Most of our patients required one or more antiglaucoma medications by the end of the study period to control their pressure, so that the rate of complete success dropped from 100% in the first month to 16% by the second year in the silicone group and to 4% in the polypropylene group. Such findings show that while the pressure in paediatric glaucoma can initially be controlled with valve implantation alone, AGV is still not by any means a life-long cure for paediatric glaucoma and further medical or surgical therapy will eventually be needed for most patients over the long term. Nevertheless, eyes implanted with silicone AGVs required a fewer mean number of medications at all postoperative visits as well as showing a longer mean survival time compared with the polypropylene AGVs.

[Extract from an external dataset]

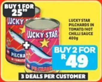 Lucky star pilchards in tomato/ hot chilli sauce offers and online specials, directly from Usave

Studies have shown that surgeon’s experience may influence the results of glaucoma valve surgery.14, 15 In a prior study,15 it was shown that failure was perhaps 20% less likely (95% CI, 0.6–1.0) in AGV if the surgeon had placed 20≤ AGVs before. In the present study, to minimise the effect of surgeon’s experience on the outcome, all surgeries were performed by one surgeon who had placed over 20 AGVs before the study.

Encapsulation around the plate occurred only in polypropylene group (20%) and excision of the fibrous capsule was done in those who developed uncontrolled IOP as a result of the encapsulation. We did not attempt needling as these eyes had rather fibrosed thickened tissue surrounding the plate and there is evidence that the effect of needling such cases is very limited and they eventually end up requiring capsulectomy.16

There were some limitations in this study that may have influenced the results: physicians were not masked to the treatment groups during follow-ups. Some differences in the plates other than their material, such as the presence of fenestration holes in the silicone plate and the differently sized paediatric and adult plates may have contributed to the difference in results. We did not attempt to match our cases to the implant size as we were guided by the axial length in choosing the size of the valve. Nine (36%) out of the 25 eyes implanted with silicone AGVs had an adult-sized valve (FP7) compared with 68% of eyes receiving polypropylene AGVs (S2). Larger surface implants were previously shown to be associated with better filtration and less resistance to flow17 and had the two groups been matched according to the size of the plates, the difference in survival and IOP outcomes may have been more pronounced in favour of the silicone group.

Although we included patients with different causes of paediatric glaucoma, the number of patients with paediatric glaucoma from causes other than congenital and aphakic ones are still too small to allow adequate statistical analysis. In addition, 2 years of follow-up is considered a short period in patients with life-long diseases like paediatric glaucoma; a longer follow-up is needed to obtain more reliable long-term results.